Keep in mind that your writer (tapedrive) also has a maximum speed, as does your reader. See http://en.wikipedia.org/wiki/Linear_Tape_Open#Ultrium for the maximum uncompressed speed. In my case (LTO-3), this is 80 MB/s, so 160 MB/s. As my reader can do 222 MB/s (see above) I need 2 tapedrives allocated for maximum speed (running at 111 MB/s). The ESL seems to be happiest when writing at a block size of 256k. Set this in your storage policy. While you’re at it, change the chunk size to 16384MB. This insanely high chunk size seems to improve write speed drastically. Hardware compression in the storage policy does not seem to be a slowing factor. In fact, with this turned off, I’d need 222/80 = 3 tapedrives. So leave the hardware compression enabled.

Also, do enable multiplexing on your streams. As I have 4 active paths to the primary storage, I’ve set the multiplexing factor to 4. To use 2 tapedrives, I will therefor need 8 readers to fill both tapedrives.
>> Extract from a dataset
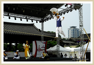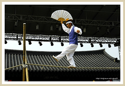 남사당 줄꾼 권원태 명인이 전통 줄타기를 선보이고 있다.

So, in the SP set the number of device streams to a minimum of 8. Check the “Enable Stream Randomization”. This will slow your restores, but at the moment, I’m looking for raw throughput during backup operations. Disable all compression and deduplication on the subclient. Set the “Number of Data Backup Streams” to 8 and the “Number of Archive Log Backup Streams” to 8 (if you’re also doing an archive log backup).

Another easily tunable parameter is the “Block Size”, found in the “Details” in the subclient properties. CommVault recommends setting this to 1 MB or more for LTO drives. As we’re using a block size of 256k in the Storage Policy, I’ll set this to 1MB (1048576), so one RMAN block equals 4 blocks to the tapedrive.

Epilogue:

As warned, most of the above is purely guesswork, and I have to admit that some of the reasoning above is based on nothing, a feeling, or unfounded calculations. Try these settings, but be prepared to rollback your changes. As warned, always keep a close eye on network / storage / client performance.

COPYRIGHT DISCLAIMER

© 2011 – Dannie Obbink

THIS ADVICE IS DISTRIBUTED IN THE HOPE THAT IT WILL BE USEFUL, BUT WITHOUT ANY WARRANTY. IT IS PROVIDED "AS IS" WITHOUT WARRANTY OF ANY KIND, EITHER EXPRESSED OR IMPLIED, INCLUDING, BUT NOT LIMITED TO, THE IMPLIED WARRANTIES OF MERCHANTABILITY AND FITNESS FOR A PARTICULAR PURPOSE. THIS DOCUMENT MAY BE REDISTRIBUTED FREELY, AS LONG AS THIS COPYRIGHT DISCLAIMER IS PRESERVED IN FULL.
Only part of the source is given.